Lorsque le roi apprit qu'on avait enlevé le corps du voleur, il entra dans une grande colère ; mais, comme il voulait absolument savoir qui avait fait le coup, il chargea un de ses ministres de se rendre déguisé dans un endroit de la ville, et là de faire connaître qu'il donnerait une grande récompense à celui qui lui raconterait la plus belle histoire. Le voleur, l'ayant appris, reconnut le piège et voulut montrer qu'il était plus habile que le roi. Il coupa près de l'épaule le bras d'un homme nouvellement mort, le mit sous son manteau et alla trouver le ministre du roi. Celui-ci lui fit les questions qu'il adressait à tous les autres. Le voleur lui raconta ce qu'il avait fait. Il finissait à peine, que le ministre veut l'arrêter. Comme ils étaient dans un lieu obscur, le voleur lui tendit le bras du mort que l'autre saisit, et dans le même temps il s'échappa.
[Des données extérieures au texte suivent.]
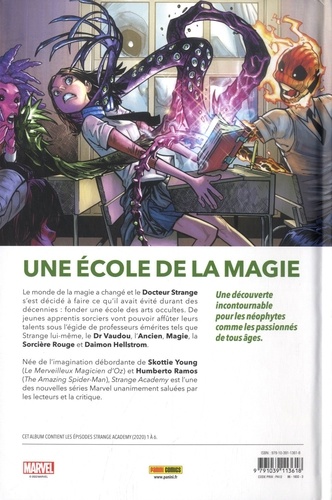 Stephen Strange s'est finalement résolu à faire ce qu'il a toujours évité pendant des décennies : ouvrir une école pour les jeunes sorciers. De jeunes talents venus du monde entier convergent donc vers la Nouvelle-Orléans, ils vont y étudier les Arts Mystiques avec Strange, Frère Vaudou, la Sorcière Rouge, Magie ou encore Hellstrom. Mais de nombreuses menaces mystiques mettent en péril l'école qui a peu de chances d'accueillir plusieurs générations d'élèves... C'est toujours un plaisir de voir arriver dans l'univers Marvel de nouveaux personnages. En voici toute une floppée, sous la houlette des dynamiques Skottie Young (Deadpool, Le Magicien d'Oz) et Humberto Ramos (Spider-Man) ! C'est Harry Potter chez les héros Marvel !
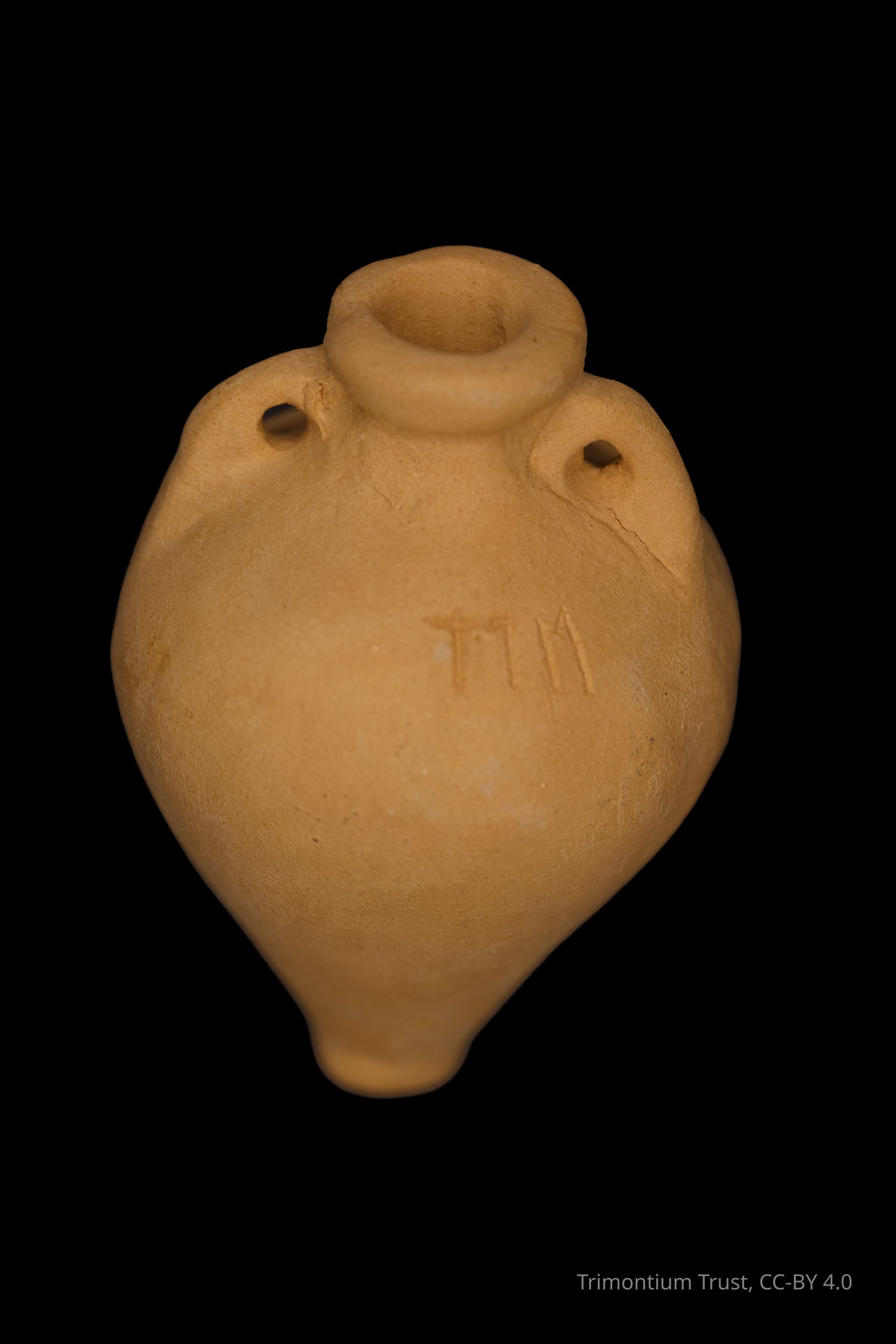 Replica minitature amphora with two handles and 'TTM' engraved into outer surface.
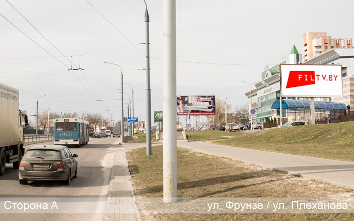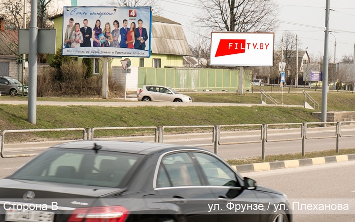 Рекламный щит расположен напротив главных управлений банков «Беларусбанк» и «БПС-Сбербанк», на улице Фрунзе перед «ЗИПом», одним из главных перекрёстков г. Гомеля. Билборд расположен после съезда с моста через реку Сож, со стороны Новобелицы. На этом участке наблюдается оживлённое автомобильное движение, поскольку это основное направления для того что бы попасть из Новобелицы и нового 104 микрорайона г. Гомеля в центр города.
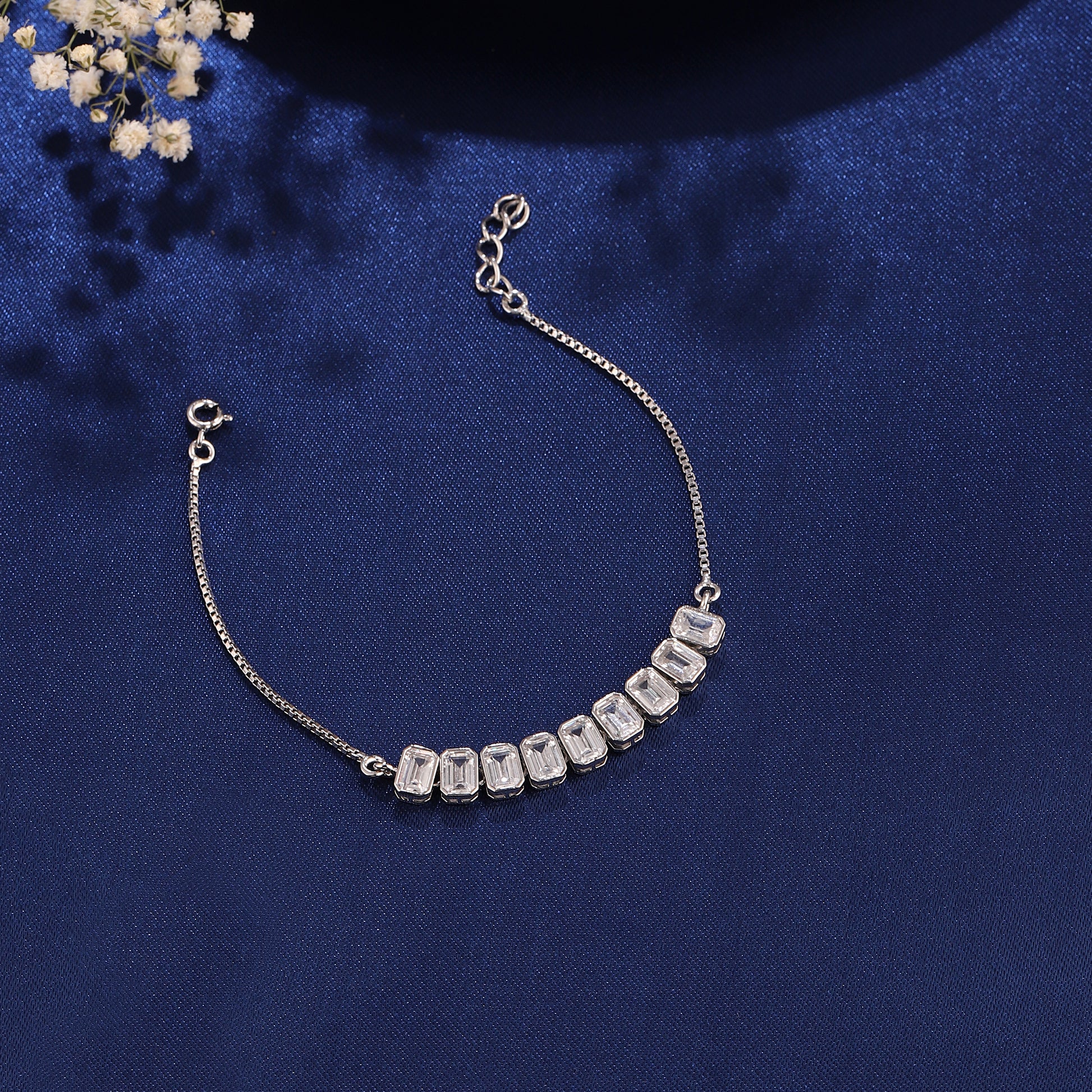✨ Emerald-Cut Radiant Bar Bracelet in 925 Silver
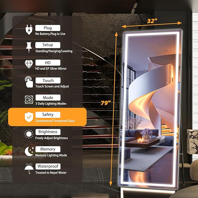 - 【Dimmable & 3 Color Temperature】This lighted full length mirror is multifunctional. You can press the button to change the color temperatures: Warm(3000K), natural (4000K) and white(6000K). You can also dim the brightness to your comfortable level. All these will be easily controlled by the touch button.
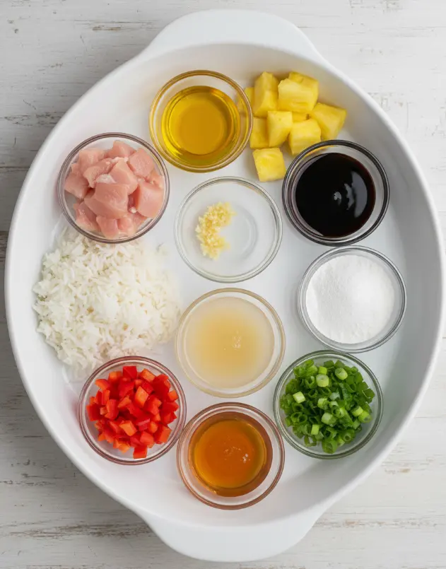 These ingredients create a symphony of textures: crispy chicken edges, chewy rice, and juicy pineapple pops. Pro tip: Prep everything mise en place for seamless cooking.
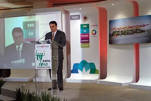 - ↑ «Licitación pública nacional Nº 10251001-001-09: Contratación del servicio de desarrollo, ejecución, montaje, mantenimiento y desmontaje del Pabellón de México en la Expo Mundial Shanghai (sic) 2010.». ProMéxico. Consultado el 31 de enero de 2008.
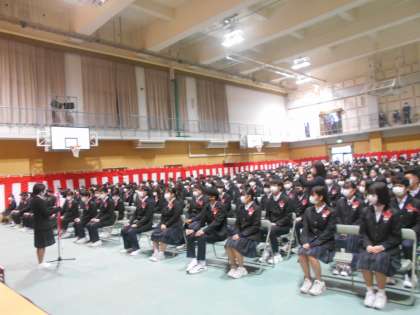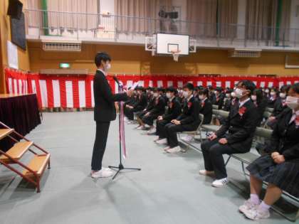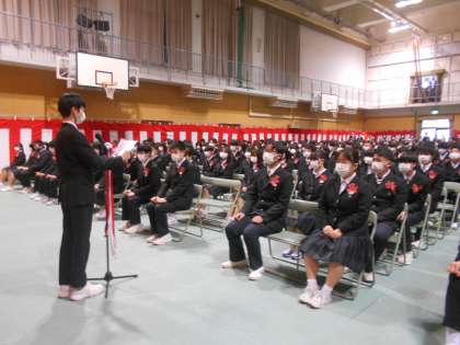 在校生「お祝いの言葉」は、在校生代表の西田さんから卒業生への感謝の気持ちを伝えてくれました。
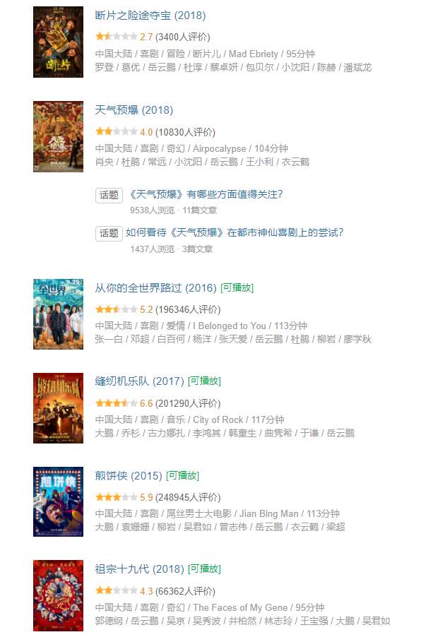 外界调侃郭德纲老拍烂片,其实他的爱徒岳云鹏也不遑多让,参演的电影最高评分6.6分,新作《断片之险途夺宝》更是烂出天际,豆瓣评分低至2.7分,或许烂片定律可以增加一条:凡是岳云鹏参演的电影基本是烂片。

Le roi, informé de ce qui s'était passé, fût extrêmement surpris de la ruse et de la hardiesse de cet homme. Il fit publier dans toutes les villes de son obéissance qu'il lui accordait sa grâce, et que, s'il voulait se présenter devant lui, il le récompenserait magnifiquement. Le voleur se fia cette fois à la parole du roi et se rendit au palais. Ramsinit conçut pour lui une si grande admiration, qu'il lui donna sa fille en mariage.palais
Voilà une histoire digne des Mille et une Nuits, quoiqu'elle soit bien vieille ; mais le goût du merveilleux a de tout temps existé dans l'Orient. Les prêtres faisaient descendre le même roi tout vivant aux Enfers, sans toutefois s'être mis en frais d'imagination pour raconter une pareille entreprise : ils ne dirent à Hérodote ni par quels moyens Ramsinit y alla, ni dans quel but. Il y trouva Cérès, joua aux dés avec elle, tantôt gagna et tantôt perdit. Au retour, la déesse lui fit présent d'une serviette d'or : c'était bien peu pour un si grand voyage ! Quand les Grecs faisaient tenter la même aventure par Hercule et Thésée, la chose valait au moins la peine, et, à défaut de raisons, ils trouvaient des prétextes : l'un y arrachait Alceste des mains de la Mort, l'autre voulait ravir Proserpine à Pluton, le dieu des Enfers.